#### WHAT YOU ARE ASKED TO DO
Every line of the material must be given again verbatim. Skip the images.

#### EXERCISE MATERIAL
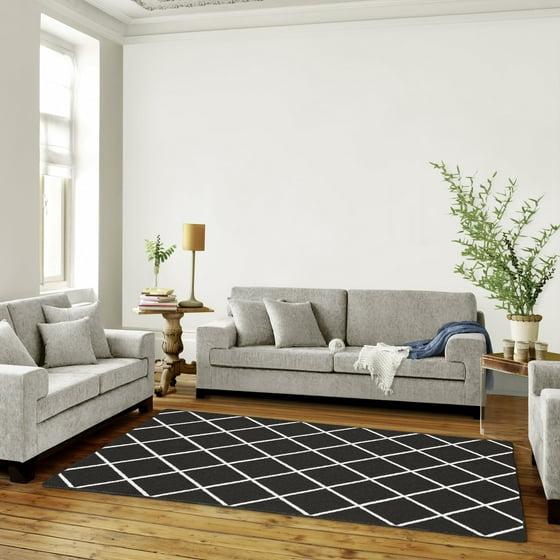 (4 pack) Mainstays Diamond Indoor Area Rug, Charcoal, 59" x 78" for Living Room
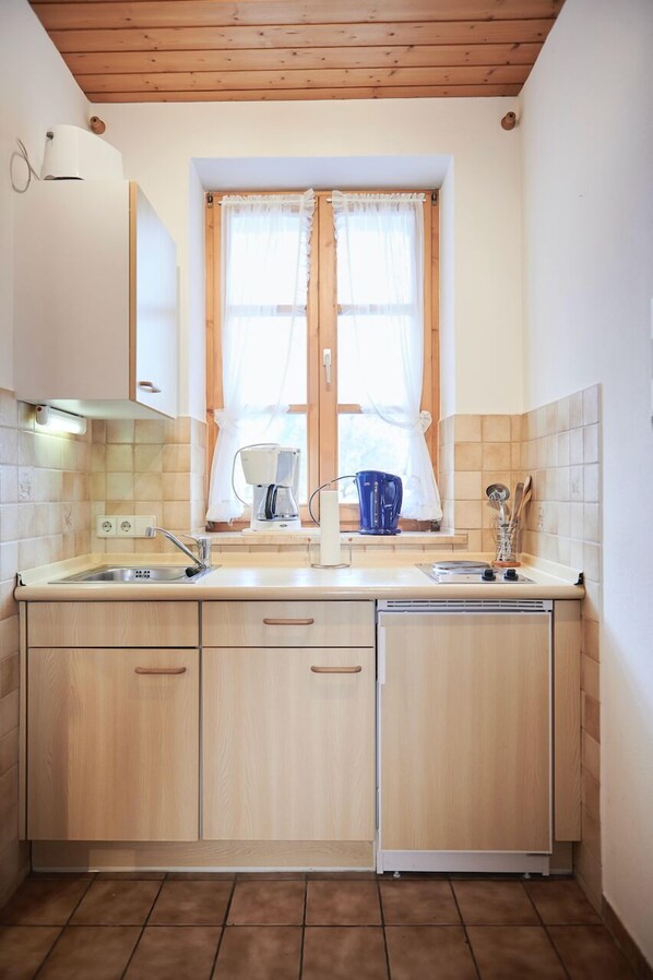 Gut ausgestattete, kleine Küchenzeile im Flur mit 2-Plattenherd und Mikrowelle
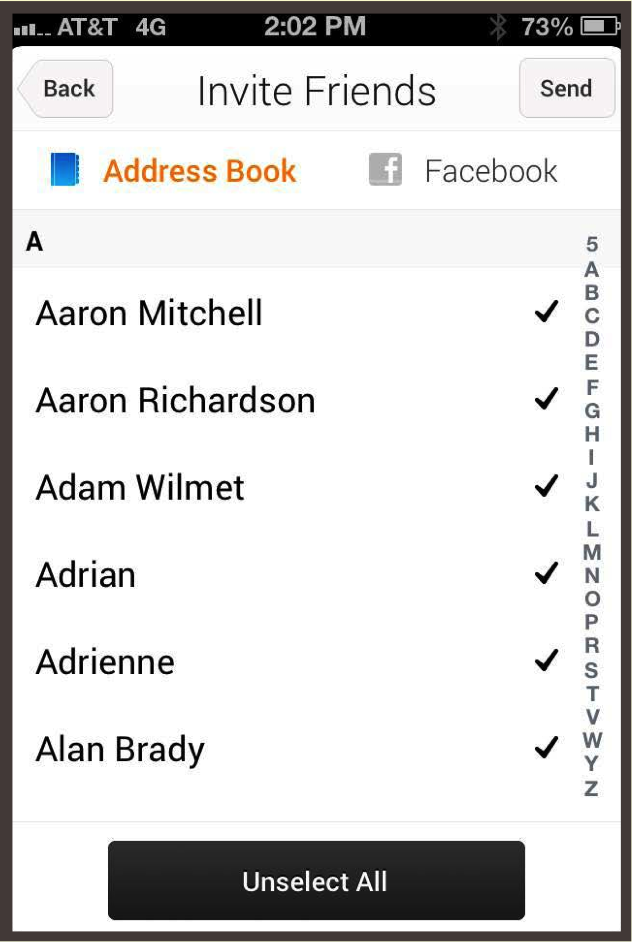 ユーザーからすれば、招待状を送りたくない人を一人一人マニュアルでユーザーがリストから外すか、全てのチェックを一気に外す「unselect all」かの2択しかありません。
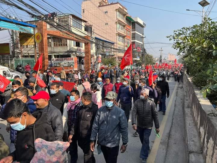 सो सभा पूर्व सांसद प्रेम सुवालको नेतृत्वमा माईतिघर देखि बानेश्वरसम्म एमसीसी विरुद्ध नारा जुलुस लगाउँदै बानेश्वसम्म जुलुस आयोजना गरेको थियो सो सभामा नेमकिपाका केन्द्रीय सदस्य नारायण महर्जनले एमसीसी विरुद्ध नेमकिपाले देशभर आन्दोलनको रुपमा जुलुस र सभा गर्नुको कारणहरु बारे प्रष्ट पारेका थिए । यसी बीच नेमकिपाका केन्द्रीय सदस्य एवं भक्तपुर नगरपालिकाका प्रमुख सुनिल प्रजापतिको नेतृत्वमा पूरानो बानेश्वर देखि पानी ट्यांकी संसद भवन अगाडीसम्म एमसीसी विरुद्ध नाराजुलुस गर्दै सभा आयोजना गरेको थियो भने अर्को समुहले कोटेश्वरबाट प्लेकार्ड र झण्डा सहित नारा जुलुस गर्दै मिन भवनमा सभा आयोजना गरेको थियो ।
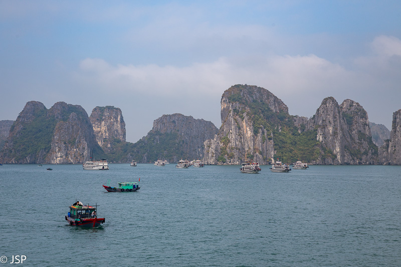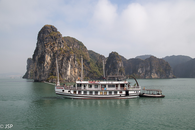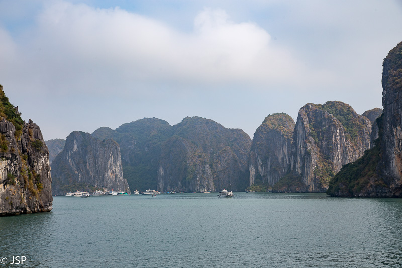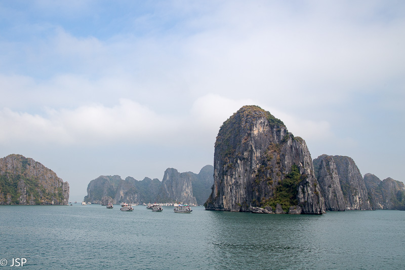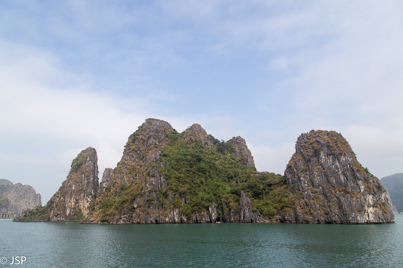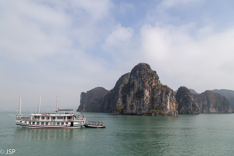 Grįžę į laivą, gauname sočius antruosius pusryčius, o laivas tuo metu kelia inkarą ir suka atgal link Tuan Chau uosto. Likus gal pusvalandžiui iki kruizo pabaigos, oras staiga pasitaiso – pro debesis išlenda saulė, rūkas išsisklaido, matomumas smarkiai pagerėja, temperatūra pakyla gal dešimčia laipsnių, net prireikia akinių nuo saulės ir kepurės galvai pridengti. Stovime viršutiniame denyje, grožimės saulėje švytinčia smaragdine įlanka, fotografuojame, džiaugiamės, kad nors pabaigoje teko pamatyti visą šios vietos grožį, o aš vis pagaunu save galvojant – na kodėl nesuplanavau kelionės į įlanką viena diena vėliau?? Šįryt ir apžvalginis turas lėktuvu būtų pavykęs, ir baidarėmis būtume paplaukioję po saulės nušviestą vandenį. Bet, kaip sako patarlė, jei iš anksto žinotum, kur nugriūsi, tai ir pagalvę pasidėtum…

#### SOLUTION FOR THIS EXERCISE
 (4 pack) Mainstays Diamond Indoor Area Rug, Charcoal, 59" x 78" for Living Room
 Gut ausgestattete, kleine Küchenzeile im Flur mit 2-Plattenherd und Mikrowelle
 ユーザーからすれば、招待状を送りたくない人を一人一人マニュアルでユーザーがリストから外すか、全てのチェックを一気に外す「unselect all」かの2択しかありません。
 सो सभा पूर्व सांसद प्रेम सुवालको नेतृत्वमा माईतिघर देखि बानेश्वरसम्म एमसीसी विरुद्ध नारा जुलुस लगाउँदै बानेश्वसम्म जुलुस आयोजना गरेको थियो सो सभामा नेमकिपाका केन्द्रीय सदस्य नारायण महर्जनले एमसीसी विरुद्ध नेमकिपाले देशभर आन्दोलनको रुपमा जुलुस र सभा गर्नुको कारणहरु बारे प्रष्ट पारेका थिए । यसी बीच नेमकिपाका केन्द्रीय सदस्य एवं भक्तपुर नगरपालिकाका प्रमुख सुनिल प्रजापतिको नेतृत्वमा पूरानो बानेश्वर देखि पानी ट्यांकी संसद भवन अगाडीसम्म एमसीसी विरुद्ध नाराजुलुस गर्दै सभा आयोजना गरेको थियो भने अर्को समुहले कोटेश्वरबाट प्लेकार्ड र झण्डा सहित नारा जुलुस गर्दै मिन भवनमा सभा आयोजना गरेको थियो ।
 Grįžę į laivą, gauname sočius antruosius pusryčius, o laivas tuo metu kelia inkarą ir suka atgal link Tuan Chau uosto. Likus gal pusvalandžiui iki kruizo pabaigos, oras staiga pasitaiso – pro debesis išlenda saulė, rūkas išsisklaido, matomumas smarkiai pagerėja, temperatūra pakyla gal dešimčia laipsnių, net prireikia akinių nuo saulės ir kepurės galvai pridengti. Stovime viršutiniame denyje, grožimės saulėje švytinčia smaragdine įlanka, fotografuojame, džiaugiamės, kad nors pabaigoje teko pamatyti visą šios vietos grožį, o aš vis pagaunu save galvojant – na kodėl nesuplanavau kelionės į įlanką viena diena vėliau?? Šįryt ir apžvalginis turas lėktuvu būtų pavykęs, ir baidarėmis būtume paplaukioję po saulės nušviestą vandenį. Bet, kaip sako patarlė, jei iš anksto žinotum, kur nugriūsi, tai ir pagalvę pasidėtum…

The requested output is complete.